The European Commission adopted its adequacy decision for the EU-U.S. Data Privacy Framework (DPF) on July 10th, enabling the free flow of personal data from the European Economic Area (EEA) to the United States.
Why is the DPF Framework Coming Now?
Due to Art. 45 GDPR, the European Commission has the power to determine whether a country outside the EU offers an adequate, "essentially equivalent" level of data protection to the EU. Adequacy means that the rules implemented in the third country are effective in practice. The main consequence of an adequacy decision is that, if it is adopted, the transfer "shall not require any specific authorisation".
When the European Court of Justice invalidated the previous adequacy decision in its Schrems II decision of July 2020, the European Commission and US government subsequently entered into discussions to develop a new framework which would address the issues raised by the European Court of Justice. In March 2022, an agreement was reached in principle and further to this, President Biden signed an Executive Order on ‘Enhancing Safeguards for United States Signals Intelligence Activities' in October 2022.
The Executive Order, in conjunction with the accompanying Regulations, introduced new binding safeguards to address the points raised by the European Court of Justice in its Schrems II decision of July 2020. The new obligations were designed to ensure that data can be accessed by US intelligence agencies only to the extent of what is necessary and proportionate, and to establish an independent and impartial redress mechanism to handle and resolve complaints from individuals concerning the collection and use of their personal data for national security purposes.
In Article 1 of its adequacy decision on July 10th, the European Commission concludes that the United States ensures an adequate level of protection for personal data transferred from the EU to organizations in the United States that have certified compliance to the “EU-U.S. Data Privacy Framework Principles” (DPF Principles). The U.S. Department of Commerce will be maintaining a “Data Privacy Framework List” that is publicly accessible.
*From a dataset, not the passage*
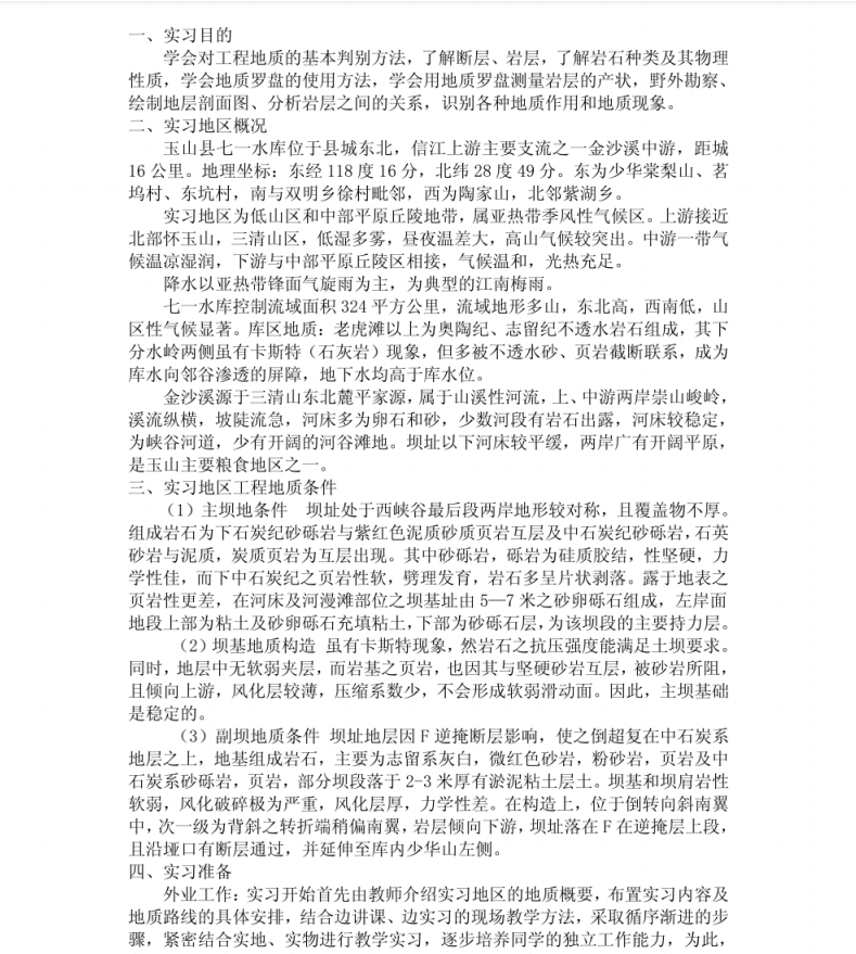 学会对工程地质的基本判别方法,了解断层、岩层,了解岩石种类及其物理性质,学会地质罗盘的使用方法,学会用地质罗盘测量岩层的产状,野外勘察、绘制地层剖面图、分析岩层之间的关系,识别各种地质作用和地质现象。

When Will the Decision Apply?
The adequacy decision entered into force on July 10th, 2023. While there are no time limitations, the Commission will be monitoring relevant developments in the United States and regularly reviewing the adequacy decision. The initial review will take place within its first year and it will verify that all relevant elements have been fully implemented in the US legal framework and are operating effectively in practice.
- Binding safeguards that limit access to data by US intelligence authorities to what is necessary and proportionate to protect national security;
- Enhanced oversight of activities by US intelligence services to ensure compliance with limitations on surveillance activities; and
- The establishment of an independent and impartial redress mechanism, which includes a new Data Protection Review Court to investigate and resolve complaints regarding access to their data by US national security authorities.
Benefits of the DPF Framework
- Free flow of personal data from the European Economic Area to the United States;
- Adequate protection of personal data transferred to the United States, addressing the requirements of the European Court of Justice;
- Competitive digital economy and economic cooperation; and
- Continued data flows underpinning €900 billion in cross-border commerce every year.
Impact on Financial Institutions
While some legal challenges may still arise as occurred successfully on two previous occasions, the adequacy decision is binding which means that it must accepted as creating a valid mechanism for data transfers without the need to obtain any further authorization.
Data exporters based in the EU should be aware that the adequacy decision focuses on EU-U.S. data flows where the data importer in the United States is certified under the DPF. As such, data exporters relying on other mechanisms (i.e. Standard Contractual Clauses) should consider reassessing their Transfer Impact Assessments (TIAs) as a result of the changes introduced by this development.